Волчок шел рядом по дороге к «Оленям», то забегая вперед, то зачем-то сворачивая ненадолго в лес. В одном месте он остановился, как-то особенно посмотрел на меня и помахал хвостом, что означало приглашение следовать за собой.
Мы были в километре от «Оленей», и Волчок напрямик, но все же проходимыми местами, повел меня в глубь леса. А когда остановился и поглядел на меня, как бы объявляя, что мы на месте, я понял, что и он знает тайну.

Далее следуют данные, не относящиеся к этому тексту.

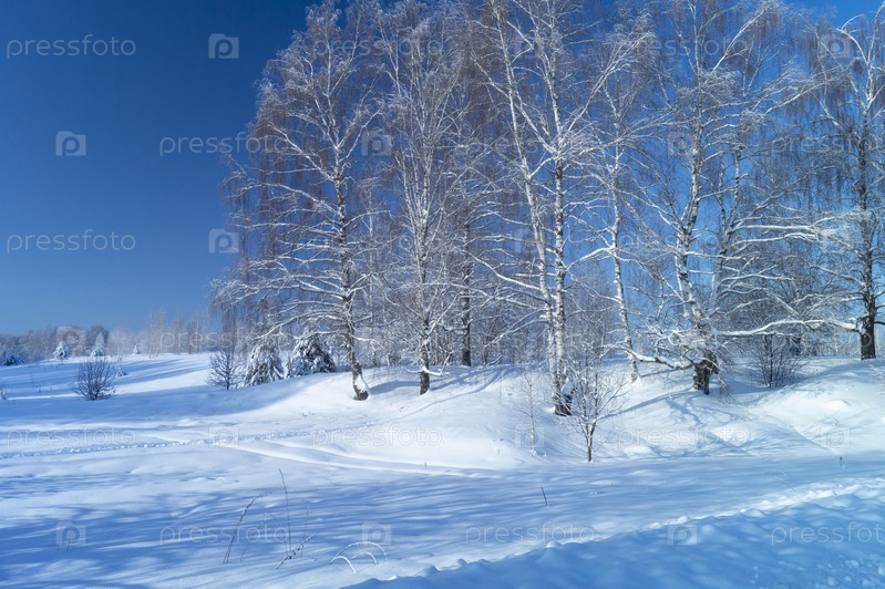 Зимний пейзаж с березовым лесом в солнечный день
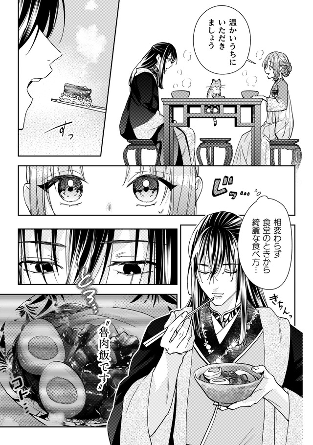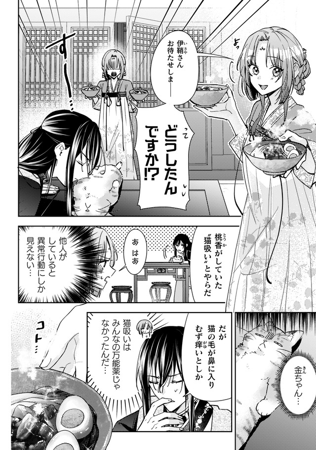しかし火事が起きて店は消失。食堂の常連で後宮に仕える美しい青年、陽伊鞘に救われるが、彼の頼みで後宮付きの薬膳医になることに。

Потому что мы пришли именно к тому месту, где несколько месяцев назад я нашел в снегу труп убитого человека. Правда, от него уже не осталось почти никаких видимых следов — впрочем, я не подходил слишком близко. Но собака стояла на том самом месте. И не просто стояла — она напряглась в стойке и, подняв голову к небу, завыла словно волк. В общем-то, я никогда не слышал и не видел с близкого расстояния воющего волка, но подумал именно так. Я не знаю, как воют волки, но этот собачий вой был похож на рыдания человека — да, дикие, но все же рыдания. Наверное, я испытал бы ужас от этого воя, если бы передо мной не стоял мой самый близкий лесной друг. Почти человеческий плач, полный ужаса, потом — дикая скорбь, оплакивание, а в конце — тоска. Собака словно хотела мне показать, что не только знает страшную тайну убийства незнакомого человека, но и скорбит о нем. Хотя на какой-то миг этот вой вызвал во мне ужас от воспоминаний о странном убийстве, дикая скорбь Волчка была для меня и каким-то мудрым сигналом о том, что даже природа не может оставаться равнодушной к преступлениям человека. (Или я, по крайней мере, думал так — ведь что может быть равнодушнее, чем сама природа). Поэтому я возвращался в «Олени» в сопровождении Волчка, бегавшего вокруг меня, с теплым чувством разделенной дружбы, какое мне редко доводилось испытывать даже по отношению к самым близким людям.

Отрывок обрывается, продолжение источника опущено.